RNA constructs were screened for crystallization by hanging drop vapor diffusion at 0.1 and 0.2 mM RNA, at 16°C with 1.0 mM Guan. HCl. Optimized conditions for the D. dadantii ykkC riboswitch were: 0.110 mM RNA in a mother liquor of 20% (+/−)-2-methyl-2,4-pentanediol (MPD), 40 mM Na cacodylate, pH 6.0, 80 mM NaCl, 12 mM spermine tetra-HCl, at 16°C, with 1:1 RNA:mother liquor drop ratio. For phasing, 20 mM iridium hexamine (IrHex) and 20% MPD were added to the crystals for 1.5 h prior to flash freezing in liquid N2.

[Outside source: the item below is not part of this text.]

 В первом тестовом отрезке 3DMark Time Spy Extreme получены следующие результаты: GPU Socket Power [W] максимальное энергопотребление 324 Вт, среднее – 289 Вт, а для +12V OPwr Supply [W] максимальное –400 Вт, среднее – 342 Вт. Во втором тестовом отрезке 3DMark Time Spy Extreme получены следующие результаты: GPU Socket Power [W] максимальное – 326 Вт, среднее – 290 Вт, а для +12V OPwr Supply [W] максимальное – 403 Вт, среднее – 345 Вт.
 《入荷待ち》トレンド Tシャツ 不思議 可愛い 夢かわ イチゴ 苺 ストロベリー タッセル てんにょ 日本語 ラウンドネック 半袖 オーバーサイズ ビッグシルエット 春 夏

Data were collected at the Advanced Photon Source (APS) 24 ID-C Northeastern Collaborative Access Team (NE-CAT), as indicated in Supplemental Table S2. Data sets were processed using HKL-2000 (Otwinowski and Minor 1997) or by XDS (Kabsch 2010) as part of NE-CAT's RAPD pipeline. The D. dadantii structure was phased by the single-wavelength anomalous dispersion (SAD) method from iridium using PHENIX AutoSol (Adams et al. 2010). The hkl2map interface for the SHELX suite was used (Pape and Schneider 2004; Sheldrick 2010). A model using the SAD data was built by alternating rounds of manual building in COOT (Emsley et al. 2010) followed by refinement in phenix.refine. The final model was built by molecular replacement of the SAD model into a higher resolution native data set using PHENIX Phaser-MR followed by additional refinement.

ITC analysis

ITC was conducted using a TA instruments Nano ITC with a low volume cell. The binding curve of the D. dadantii WT riboswitch for guanidinium was obtained at 25°C with a cell concentration of 0.224 mM RNA and syringe concentration of 1.35 mM guan. HCl. For mutants, cell concentrations between 0.100 and 0.200 mM RNA and syringe concentrations 6, 12, 30, and 60 times the cell concentration were used. Model fitting and data analysis were done using Nanoanalyze software. The first injection data point was excluded for all model fitting except a single WT run. For the severely impaired binding curves of the mutants, the n-value parameter was fixed at 1.0 for model fitting, following the method for analyzing low affinity binding (Turnbull and Daranas 2003).

DATA DEPOSITION

Atomic coordinates and structure factor amplitudes have been deposited with the PDB with accession code 5U3G.

SUPPLEMENTAL MATERIAL

Supplemental material is available for this article.